The first complete play that I wrote cannot be professionally produced for obvious copyright infringement reasons.  I wrote this play thinking only to create something entertaining and making fun of the only true Batman, the Adam West version.

 

Writing Sample:

Robin

Blast it Bruce! What am I to you?

 

Batman

Dick Grayson, Boy Wonder, the best sidekick I could ask for.

 

Robin

Boy Wonder? I’m twenty-three Bruce, twenty-three, and I spend my nights running around with an older man wearing yellow tights and a cape. Reporters keep asking all these awkward questions about us.

 

Batman

Well gee, Dick-

 

Robin

And my name is not Dick, Goddamnit, it’s Richard! (An extended pause, Batman clearly shocked by the profanity) People are talking you know … do you know what they’re saying? Bruce, do you know what they think? Well what would you think of a pair of men living together, and neither with any sort of long-term love interest?

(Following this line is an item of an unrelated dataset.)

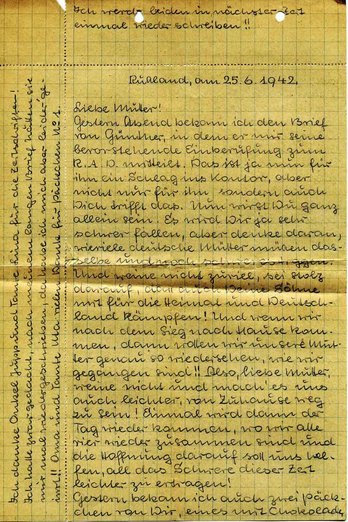 Gestern Abend bekam ich den Brief von Günther, in dem er mir seine bevorstehende Einberufung zum R.A.D. mitteilt. Das ist ja nun für ihn ein Schlag ins Kontor, aber nicht nur für ihn, sondern auch Dich trifft das. Nun wirst Du ganz allein sein. Es wird Dir ja sehr schwer fallen, aber denke daran, wieviele deutsche Mütter müssen dasselbe und noch schweres tragen. Und weine nicht zuviel, sei stolz darauf, dass auch Deine Söhne mit für die Heimat und Deutschland kämpfen! Und wenn wir nach dem Sieg nach Hause kommen, dann wollen wir unsere Mutter genau so wiedersehen, wie wir gegangen sind!! Also, liebe Mutter, weine nicht und mach’ es uns auch leichter, von Zuhause weg zu sein! Einmal wird dann der Tag wieder kommen, wo wir alle vier wieder zusammen sind und die Hoffnung darauf soll uns helfen, all das Schwere dieser Zeit leichter zu ertragen!
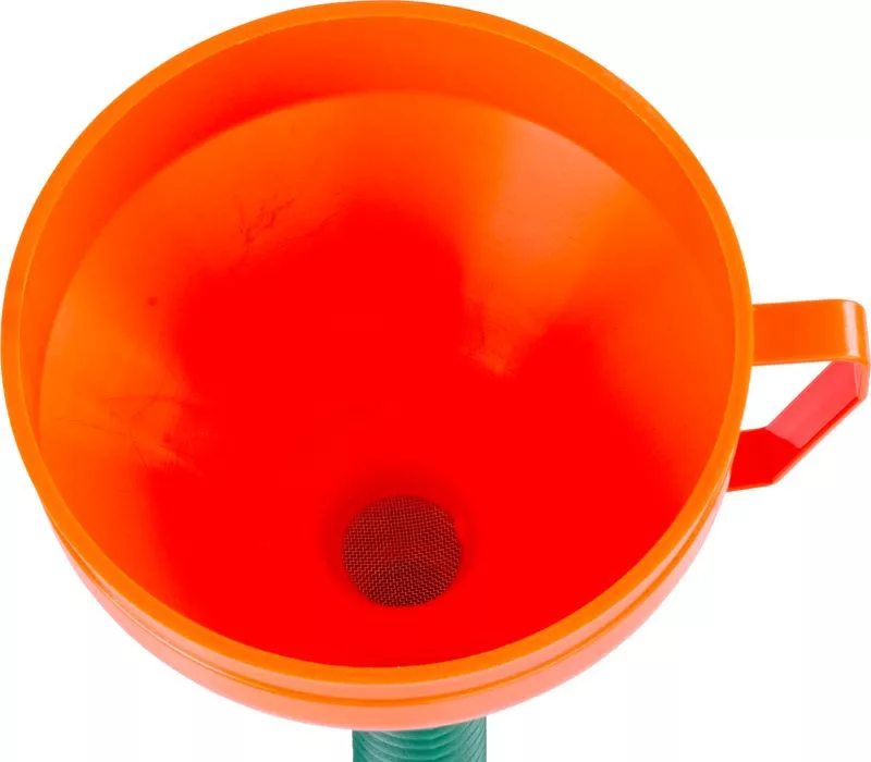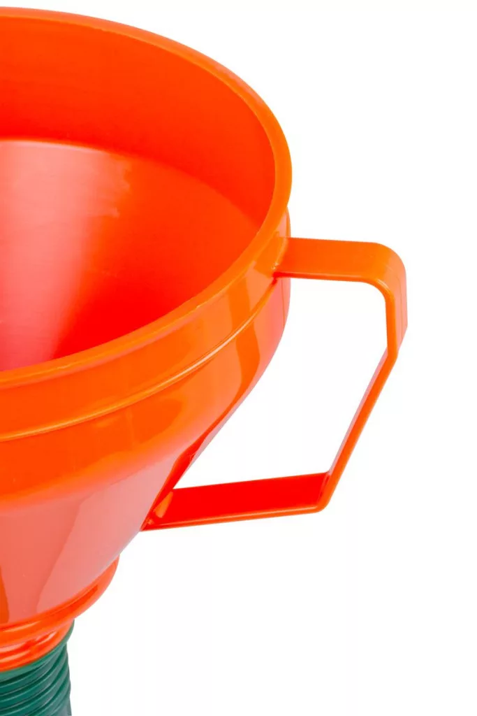 Narancs-zöld színű hosszú tölcsér, flexi hajlítással és oldalsó fogantyúval.

A pair of men who dart off together ever so often into a nearby closet?

 

Batman

I’d think they were pretty lucky.

 

Robin

You don’t understand anything!!!

 

Batman

Now you listen here; I’m Batman, and Batman is not a stupid person. (Pause) Just explain it to me again.

 

Robin

Why bother, you’re so naive. You don’t assume things about other people, but other people assume things about us.

 

Batman

And what do these people assume?

 

Robin

That we’re gay!!! That’s what!

 

Batman

Well, I agree with them; I’m quite gay, and so are you. Usually, at least … just… not today.

 

Robin

That’s what I mean! You don’t get it. They think we’re HOMOSEXUALS!

 

Batman

Now listen here chum, I think we need to calm down and relax for a bit. How about a jump in the Bat Tub? I’ll have Alfred fill it right now. Better yet I’ll arrange for him to give us shiatsu massages.

 

Robin

No! You haven’t been listening at all!

 

Batman

Well what then, Robin? What?

 

Robin

I’m leaving, Bruce. I’m sick of always being “and Robin,” I want to just be “Robin.” I want to have my own secret lair- the Robin Nest! – and my own swell cars and gadgets. You know what- no, I’m not even gonna be Robin, I’m gonna be something fiercer like… fiercer like, like a … no the, “The Pterodactyl!” That’s what they’ll call me, Richard Grayson, “the Pterodactyl,” defender of the streets.

 

Batman

Why that’s absurd. Dinosaurs aren’t super-heroes.